Wednesday, July 23, 2008

Summer

Since it is summer, and I am a teacher and not collecting a pay check for anything for the first time since I was sixteen, I, of course, am sitting poolside each and every day beneath a white, wide-brimmed hat and reading Harlequin novels by the handful. While this may touch some truth, I, as a teacher, still find myself irrevocably succumbing to work.
This summer I took the two day course for OneNote, and sprung from there into attempting to establish some solid notebooks for course planning. The number or hours donated to learning the next, new technology always surprises me, as does the turn over of the next, new technology. OneNote really seems like an advantage and time saver, once learned and set-up; it is also intriguing in how it can be utilized in the classroom, as well. Now, if students only had access to the program on their own! The added benefit of the in-district course was that many of us were able to share "here's what I do" with the tablets. This is always invaluable time that we could certainly use much, much more of throughout our institute days: learning pods!
A few other technology tidbits this summer include: enticing teachers with whom I have summer contact to grab a tablet and learn/play with it, discussing training options, fielding email q's/ideas, sorting through optimal web design with the technology staff at Fremd (they are GREAT!), and tracking my email time. The email time froze my medulla oblongata (which eliminates breathing and such...): I discovered that WORK email WHEN I'M NOT IN ANY SESSION, over the summer, took between 1 - 1.5 hours each day. This only applied to when I checked my email daily. I strolled away from all computers for a week or so, and suffered partial blindness when I opened Lotus Notes upon my return to technology.

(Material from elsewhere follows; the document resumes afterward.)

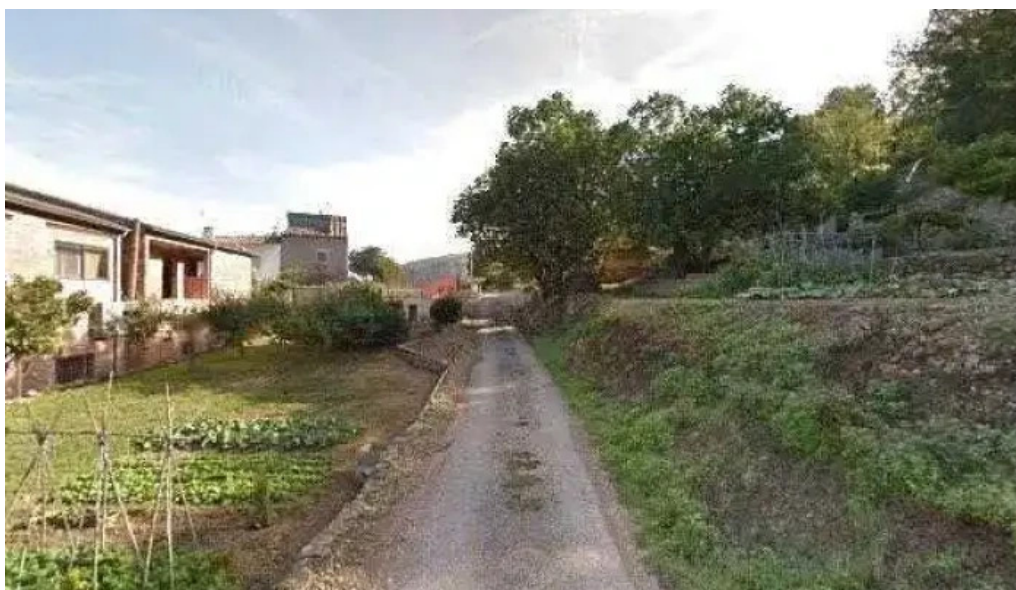
Sant jaume de valdecerves iglesia

I suspect the email time warp is due to reading and re-reading for accuracy/tone/understanding taking longer than listening one time to a person speaking. Also, there is delay in conversing and discussing questions and ideas so we think more (more redundantly?) about the topic before responding; and do our response first mandate clicking to check something first? For time management, this lack of processing organization must cause more time loss than discussions that are in person.

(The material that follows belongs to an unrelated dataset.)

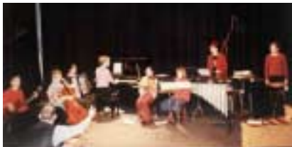
„Carl Orff“ Kammerorchester

Eintritt: frei – Spenden für unseren Flügel sind herzlich willkommen

Our schedules are constantly disturbed by email, not just in receipt or sending, but in our to-do list of the day. It's as though we are building a barn, and keep getting new plans and designs as we construct, not just for our one barn, but for new ones that must be started immediately. So, jump from task to task and barn to barn; we really struggle when our supplies for the one barn assigned to us run out due to the othe barn designs emailed to us. Lastly, it is obvious that there is much more communication due to email (a good effect), which clearly takes task time, and our composition of emails surely takes more time to compose, type, read over, edit, attach, and send, than a dialog in person. So, the question is then, which is easier, in long-term truth? Both, I believe, but more desgnated time for the additional technological tasks born new to teachers would alleviate stress and overwork, better enabling stronger teacher contributions over all.